It has been a milestone year for Ohio’s seven racinos.
Buckeye State racinos, or racetrack casinos, recorded $1,058,638,754 in video lottery terminal revenue in fiscal year 2019, the first time that number has exceeded $1 billion.
The Ohio Lottery Commission, which received $354,643,983 from the revenue, reported the results Monday.
“It’s the first time we’ve exceeded $1 billion in net win,” confirmed Danielle Frizzi-Babb, a spokeswoman for the Ohio Lottery Commission. “We’re proud that our VLT (Video Lottery Terminal) facilities continue to perform well.”
In fiscal 2018, the statewide revenue was $987,297,088.

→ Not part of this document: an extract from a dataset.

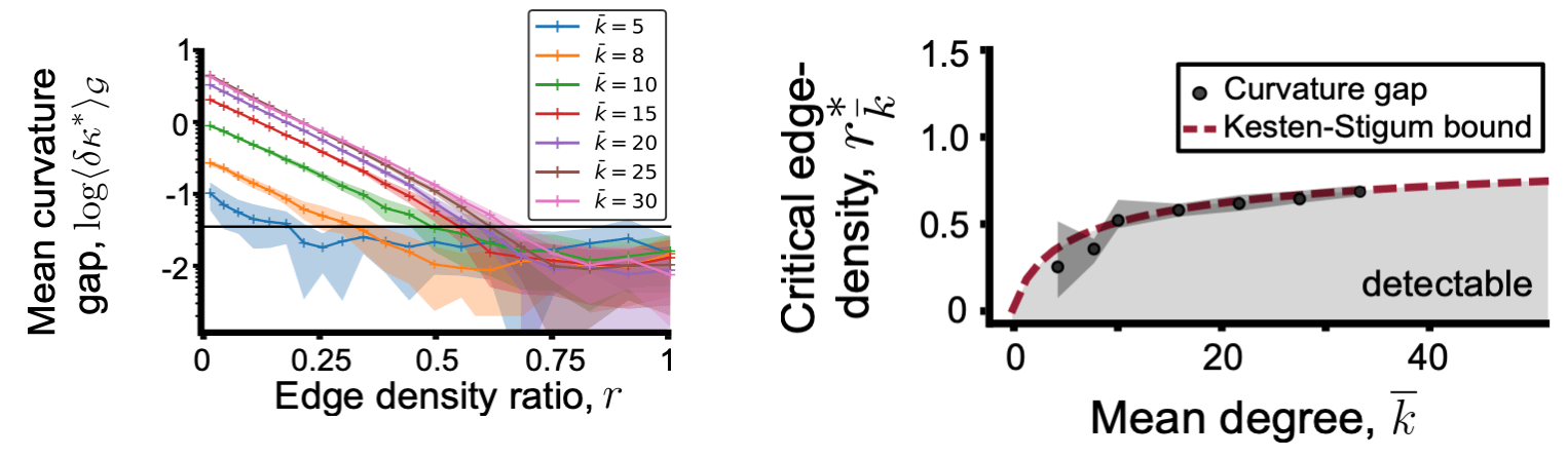We then simulated many such graphs for different mean degrees (k) and edge density ratios and computed the curvature gap. From the following figure, it is clear that when the mean degree is lower, a lower edge density ratio suffices to establish a curvature gap. This observation makes sense: the fewer edges the graph has, the larger the contrast needs to be to find communities reliably. As the edge density ratio increases, the curvature gap is no longer different from background noise, shown by the black horizontal line. What is more surprising is that the point at which the curvature gap disappears for a given average degree is the final point when the edges can convey any information about the community structure. In fact, beyond this point, known as the Kesten-Stigum bound, there is no efficient algorithm that can tell the communities apart. When we look at the distribution of the transition points for different mean degrees, the prediction of the curvature gap lies very close to the theoretical prediction! In the paper, we show that this is no coincidence; in fact, the distribution of the curvatures contains all the information to recover the clusters of the graph.

The revenue represents net gaming revenues remaining after payout of prizes and promotional credits.
At Hollywood Gaming Dayton Raceway, 777 Hollywood Blvd. (Needmore and Wagner Ford roads), revenue for the July-June fiscal year was put at $110,696,527. That’s an improvement over the $103,498,790 in fiscal 2018 and the $94,959,137 notched in fiscal 2017.
At Miami Valley Gaming, between Lebanon and Monroe, the net win for the fiscal year was recorded as $171,565,839. That’s up from $151,563,639 in fiscal 2018 and $143,774,702 in fiscal 2017.
The Ohio Casino Control Commission also reported June results for Ohio’s four casinos. Statewide through June, casino revenue is $427,871,924.
Ohio gaming supports nearly 20,000 jobs statewide and has a total economic impact of $3.6 billion, according to research presented by the American Gaming Association in May 2018 at a conference at Miami Valley Gaming.
That study said the industry generated $594 million in taxes in 2017, with just over $800 million in wages.
In 2009, Ohio voters approved a constitutional amendment allowing casino gambling in the state, but the first casinos did not open until two-and-a-half years later.
The Horseshoe Casino Cleveland opened May 14, 2012, followed by Hollywood Casino Toledo, which opened May 29, 2012.
The constitutional amendment was followed by an executive order allowing video lottery terminals at racetracks or “racinos.”